PD: Any other messages to the Harvard Law Record audience?
WTO: I’d like to recommend an essay, “Lawyer Decision Making: The Problem of Prediction” by Marjorie Anne McDiarmid (Wisconsin Law Review 1847, 1992). In this essay, Professor McDiarmid offers three methodologies for effective assistance of counsel. I employ her techniques in my work as a law clerk here at Attica when called on to collaterally attack convictions of fellow prisoners. I have had great success with her methods. I believe that her body of work would greatly assist new attorneys in navigating the system they aim to serve.
In addition, I would implore graduating law students to be on their guard for how bias or prejudice may enter into their work and for where and how such influences may compromise the pursuit of justice. Don’t let what Thorstein Veblen might have called “avaricious transactionalism” be your guide, sending you down the path of possessive individualism and voracious consumerism rather than that of ardent humanism.
Anthony N. Ott (fellow Attica Correctional Facility Law Library Clerk):
As a prison law library clerk, the most troubling issue I’ve encountered is an indigent defendant’s improperly perfected direct appeal brief.
While it’s an axiom that many court assigned attorneys are overworked due to caseloads, delays by the prosecution to stipulate to records on appeal, unnecessary; extensions of time; and even after these delays the briefs that are submitted often contain boilerplate arguments.
Moreover, the U. S. Supreme Court decided in Jones v. Barnes, 463 US. 745 (1983) that an indigent defendant that received assigned counsel doesn’t have the constitutional right to have all non-frivolous issues presented for adjudication by the State courts on appeal. What this
entails is that when I’m assigned to assist a prisoner with their supplemental pro se appeal brief, his meritorious issues don’t warrant judicial review – as a matter of law!

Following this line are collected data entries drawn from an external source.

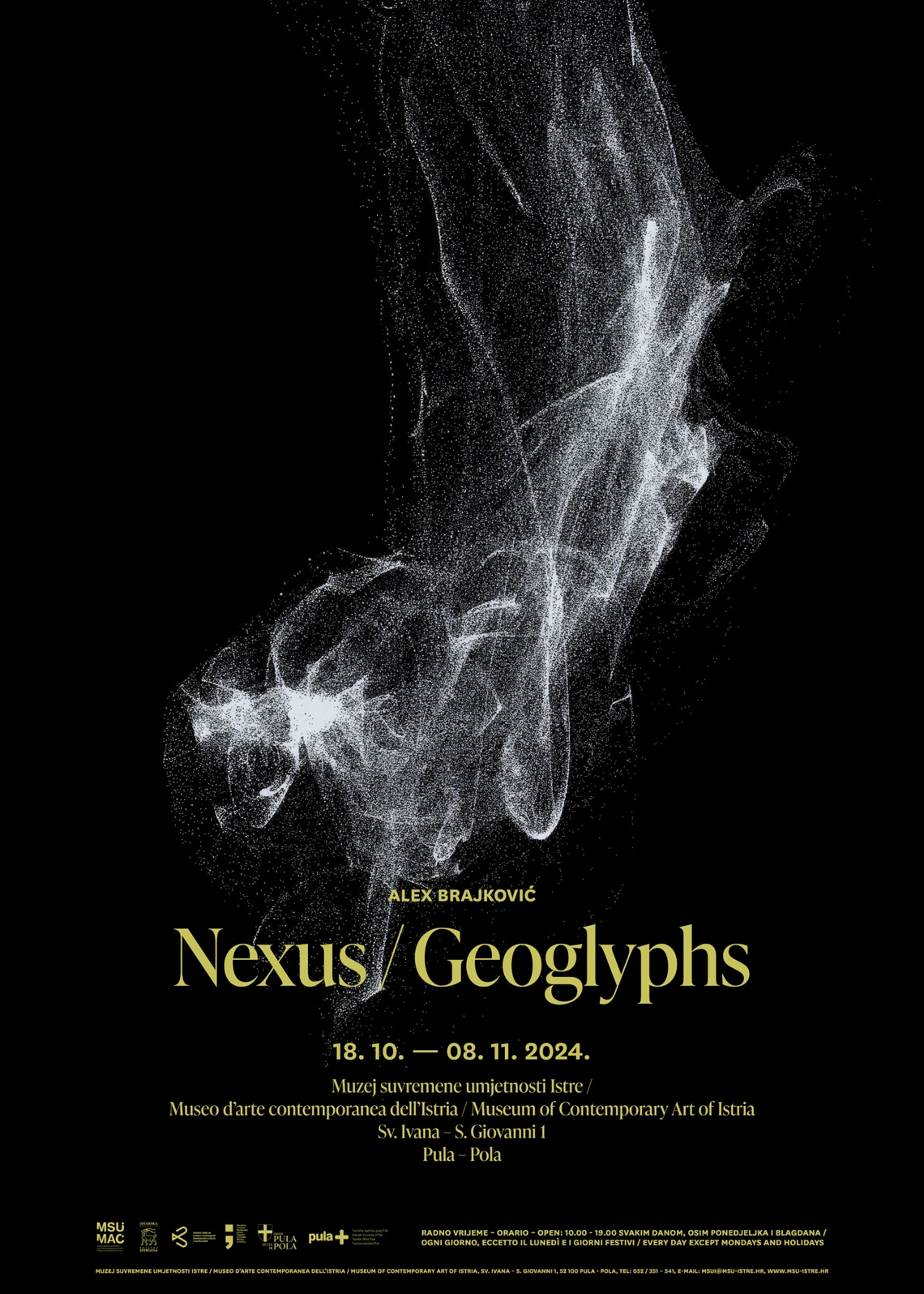 Brajković, Alex (fotograf) Nalić, Tihana (dizajner) Technic team d.o.o. (tisak) 2024. 2024 13991 papir cjelina: š = 70cm;v = 100cm Galižana Pula Muzej suvremene umjetnosti Istre – Museo d' arte contemporanea dell' Istria Alex Brajković Alex Brajković Muzej suvremene umjetnosti Istre, Sv. Ivana 1, Pula Museo d'arte contemporanea dell'Istria, S. Giovanni 1, Pola Nexus / Geoglyphs 18.10. - 08.11.2024. digitalni tisak izložba plakat Zbirka muzejskih plakata Plakat za izložbu Alexa Brajkovića, multimedijskog umjetnika i glazbenika, otvorenu u listopadu 2025. u Muzeju suvremene umjetnosti Istre. Umjetnik je kroz multimedijsku instalaciju “Nexus” i seriju slika “Geoglyphs” omogućio posjetiteljima da istraže interakciju čovjeka sa svemirom. Kustosica izložbe je Ketrin Milićević Mijošek.
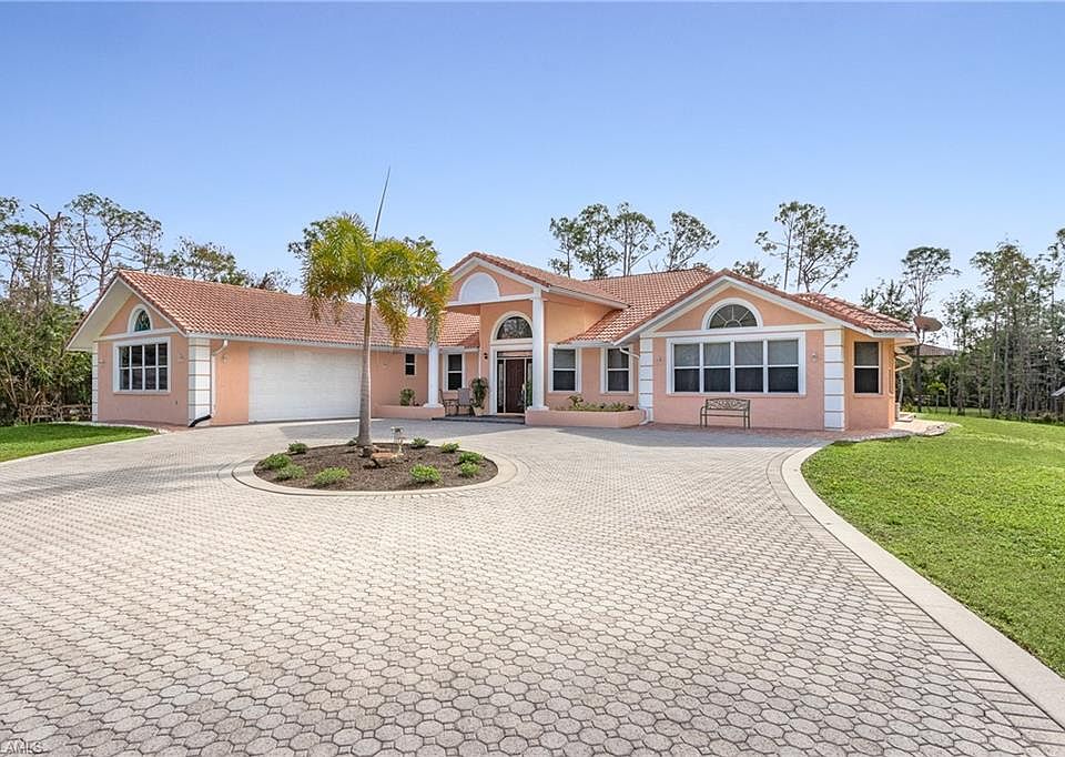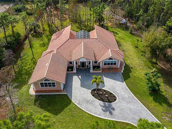 THIS SUPERIOR LIVINGSTON WOODS ESTATE HOME HAS IT ALL! LOCATION, LOCATION, 2.5 ACRES OF LAND, SOLID BLOCK CONSTRUCTION, OVER 3300 SQ FT WITH S EXPOSURE! Located in one of the most desirable non-gated neighborhoods in Naples! Enormous Great room, bathed in natural light, with timeless natural Travertine flooring through living room, kitchen and bathrooms and engineered hardwood flooring in all bedrooms. Gourmet kitchen with Custom, solid cherry cabinetry and SS appliances, 2 sinks and center island that houses a Jenn-Air downdraft range. Granite counter tops throughout. Enjoy quiet evenings gazing at the stars from the incredible screened center courtyard, that can be accessed from all rooms. Perfect 2.5 acres lot offering ample space for pool, guest house, stables etc. Circular paved driveway in proximity to the home, and cement driveway to main road and guest parking. Quiet and serene, away from roads, yet so close to all that Naples has to offer, great schools, shopping and entertainment and best of all just 4 miles to white, sandy beaches. This superior home must be seen to be fully appreciated! Until then, please view the incredible walk through video!
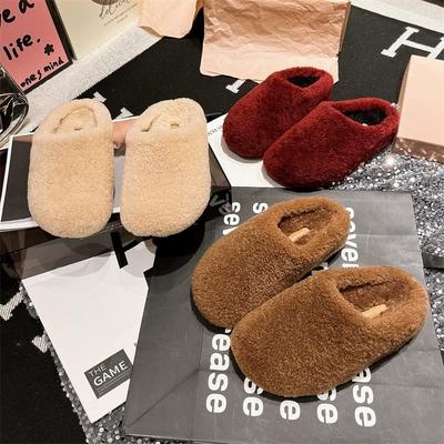 Nische trendige Marke Herbst und Winter neu Lammwolle warme Tasche Kopf ein Pedal faul flache Hausschuhe Damen
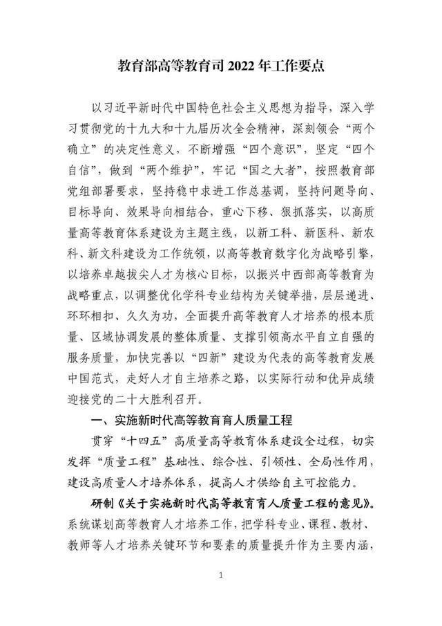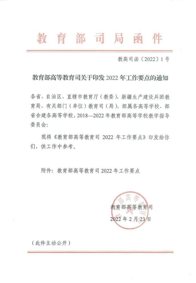 3月7日,教育部高等教育司印发2022年工作要点,一起来看详细内容。

Change is warranted when an assigned appellate attorney becomes aware that an indigent defendant’s legal allegation needs development, and therefore, requires a collateral attack upon his conviction – which consists of post-conviction motions. Unfortunately, the State of New York doesn’t mandate that assigned trial or direct appeal counsel be required to expand the record for appeal using collateral attack vehicles or mechanisms.
When an attorney is vested with an indigent defendant’s liberty, he/she ought to do whatever entails obtaining justice – which may require that an assigned appellate counsel petition the trial court from which the indigent defendant was convicted. This would ensure that indigent defendants get a fair shot at justice by presentation of a comprehensive record for appellate review.
In sum, the proper perfection of indigent defendants’ direct appeals needs to be taken seriously. Every perfected appeal by assigned counsels shoudl be designed with teh same vigor as defendants iwth a retained appellate counsel. Poverty shouldn’t be an excuse for injustice to prevail! To satisfy the Constitution, counsel must function as an advocate for the defendant, as opposed to a friend of the court. Anders v. California, 386 US. 738, 744 (1967). Admittedly, the question I present requires attorneys to look beyond their guarantees. What’s at issue here is the relationship between appellate counsel and defendant – who has ultimate authority to decide which non-frivolous issues, should be presented on appeal. l believe the right to counsel carries with it a right, personal to the defendant, to make that decision, against the advice of the assigned counsel. If all the Sixth Amendment protected was the State’s interest in substantial justice, it would not include such a right. Jones, supra at 757-58 (noting dissenting opinions of Justices BRENNAN and MARSHALL).